TensorFlow meets PyTorch with Eager execution.
One of the main user complaints about TensorFlow was the constraint imposed by having to structure your computations as a static graph.
Relaxing this requirement was one of my projects when I was at Google Brain, eventually open-sourced as imperative mode. However it relied on private/unstable APIs which became too costly to maintain over time.
Luckily, PyTorch coming out crystallized researcher needs/wants, and there has been a concerted effort to support this kind of mode as a first-class citizen.
It’s still under active development but the version available in nightly release is quite usable, to try it out:
Note that there’s no longer need to deal with graph or session and execution happens immediately.
To utilize GPU, copy tensors to the proper device first
So what can you do with it?
Port imperative code
You can port an existing imperative code from numpy/pytorch/matlab by mechanically substituting correct API calls. IE
- torch.sum -> tf.reduce_sum”
- array.T -> tf.transpose(array)
- etc
I tried this as an exercise on PyTorch implementation of l-BFGS, and running two implementations side-by-side on GPU (PyTorch, Eager) gave me identical results to first 8 decimal digits on first try. This may be the most surprising thing to ever happen to me.
Use existing graph-based code
If your code doesn’t rely on graph-specific API like graph_editor, you should be able to take existing code and run it with eager execution enabled.
There’s also an experimental feature “graph_callable” that should enable you to use arbitrary TensorFlow subgraphs as a function that you can call. It’s still in flux, but I was able to get an example working which wraps resnet_model from tensorflow/models as a graph_callable. Here’s an example of training this model on a random batch.
Once this feature is ready it should also help with performance issues, see Performance section below.
Do more things with gradients.
There’s new differentiation primitive tfe.gradients_function which mirrors autograd’s grad. You can call “gradients_function” on an existing function “n” times to get “n”th derivative, ie
There’s also a “custom_gradient” primitive which makes it much easier to create custom gradients. IE, suppose we wanted something like the square function, but which adds noise during backprop.
The result looks like this
You can see the second version has more trouble converging, but if it does converge, it’ll generalize better!
This kind of gradient modification is useful for implementing advanced optimization algorithms like KFAC algorithm. Recall from my earlier explanation for PyTorch that KFAC for simple networks is equivalent to gradient descent where activation and backprop values are whitened.
This is equivalent to saying that gradient is transformed by multiplying it with whitening matrices on both sides
Suppose you’ve saved these matrices as m1, m2, your custom matmul would look like this:
Note, true_grad1, true_grad2 are the true backprops of matmul, see page 4 of Mike Giles “An extended collection of matrix derivative results for forward and reverse mode algorithmic differentiation”

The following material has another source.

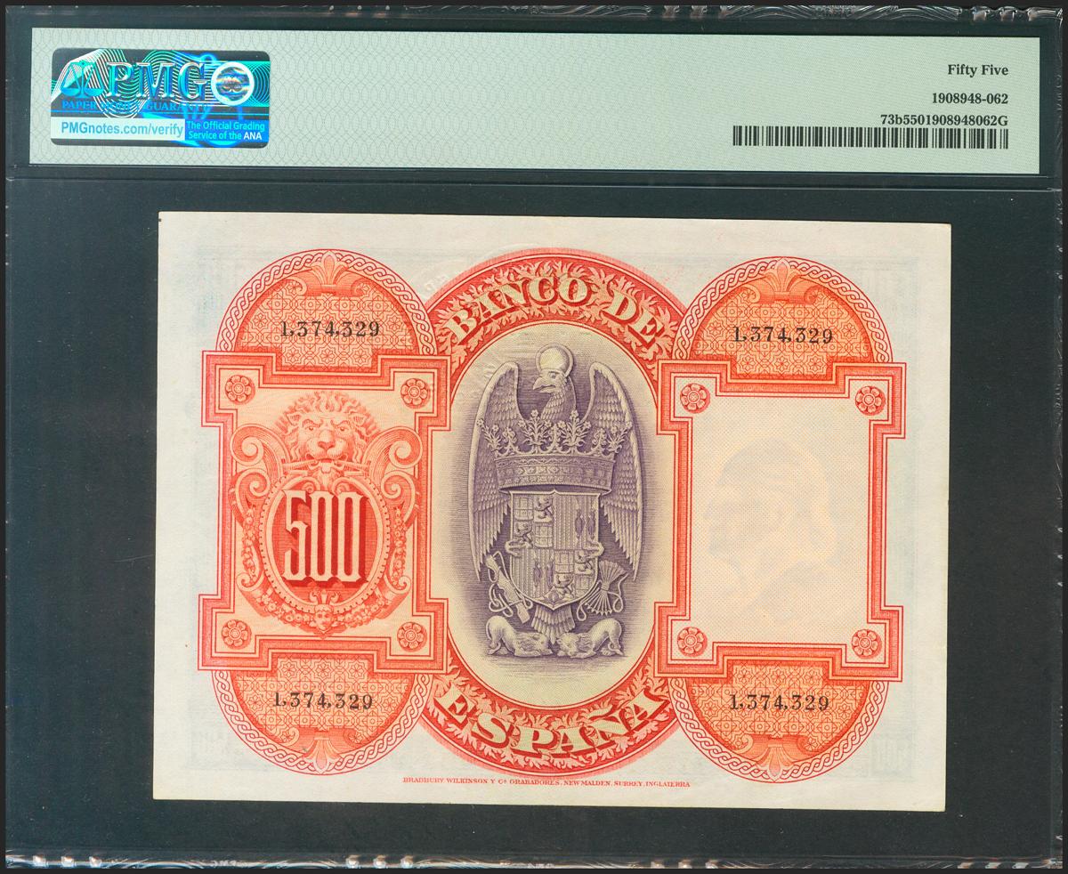 500 Pesetas. 24 de Julio de 1927. Sin serie, numeración anterior al 1602000 y sello en seco ESTADO ESPAÑOL / BURGOS. (Edifil 2021: 413, Pick: 73b). Inusual en esta calidad. EBC+. Encapsulado PMG55.

You can recover original KFAC by using kfac_matmul in place of tf.matmul and using Gradient Descent algorithm, or you could experiment with novel variations by using Momentum or Adam instead.
For an end-to-end example of KFAC that runs with Eager execution enabled , see this.
Performance
Whether eager execution makes your program is a little slower or a lot slower depends on how much of your computation is spent in high arithmetic intensity ops like conv or matmul.

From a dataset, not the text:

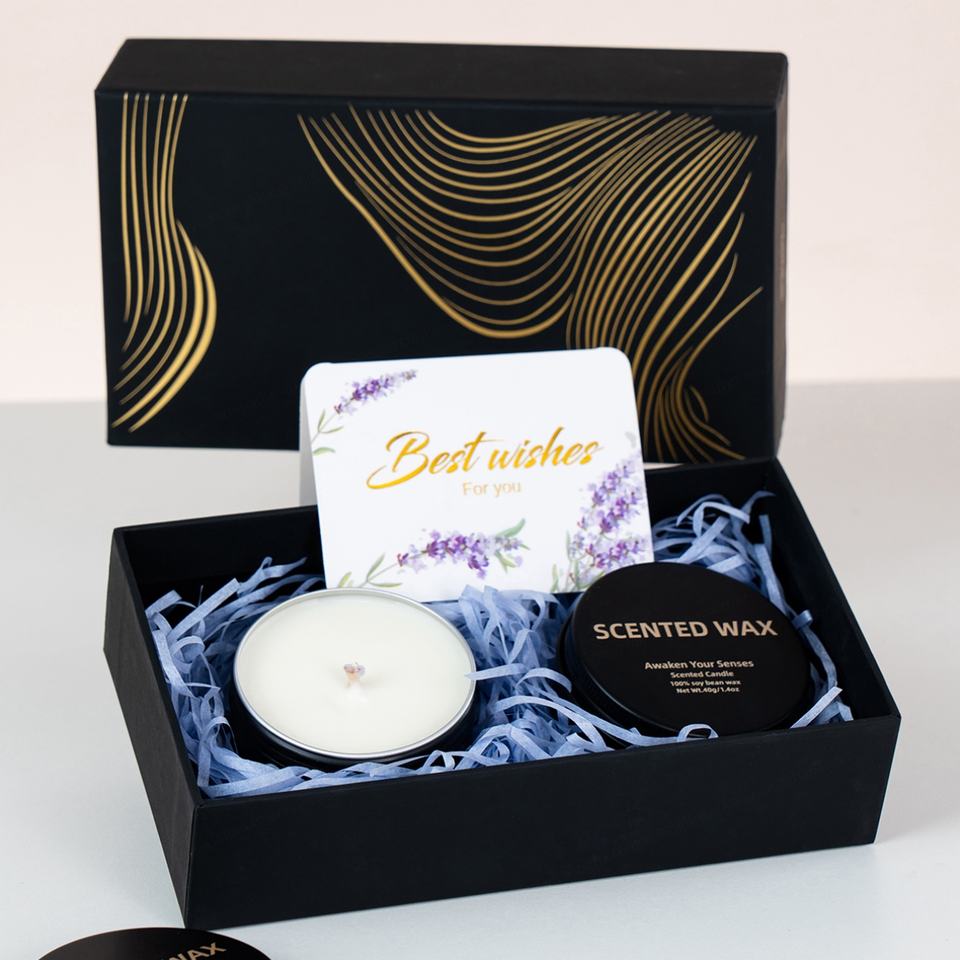 A kit include:100%Soy wax candle 40g*2, gift box*1,raffia*1,blank greeting card*1

IE, doing pure matrix multiplications (longer than 1 millisecond) is not much different whether you use TensorFlow eager, PyTorch or TensorFlow classic.

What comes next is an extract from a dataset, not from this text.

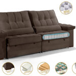 - Assento retrátil em espuma D-33, sustentação com cintas elásticas de alta resistência, molas ensacadas, corrediças metálicas tubulares com pillow de 20 cm.

On other hand, end-to-end examples are more affected.
I was getting 20% slower than PyTorch in TF with eager execution when runtime was dominated by O(n^(1.5)) ops like matmul/conv ops, or 2–5 times slower on cases with a lot of O(n) ops like vector addition.
As a toy example, consider following Andrew Ng UFLDL example to train MNIST autoencoder.
With batch-size 60k and l-BFGS history=5, the bulk of computation is spent in autoencoder forward pass, and Eager version is 1.4x slower.
With batch-size 60k and l-BFGS history=100, the two loops doing “two-step recursion” for each step of l-BFGS (dot products and vector adds) now go to 100, and Eager version now becomes 2.5x slower while PyTorch is only slightly affected.
Finally if we reduce batch size to 10k, we see that each iteration is 5x slower, occasionally spiking to 10x slower, probably due to garbage collection strategy.
Conclusion
While not as performant yet, this execution mode makes makes prototyping a lot easier. It’s probably going to be the preferred starting mode for anyone building new computations in TF.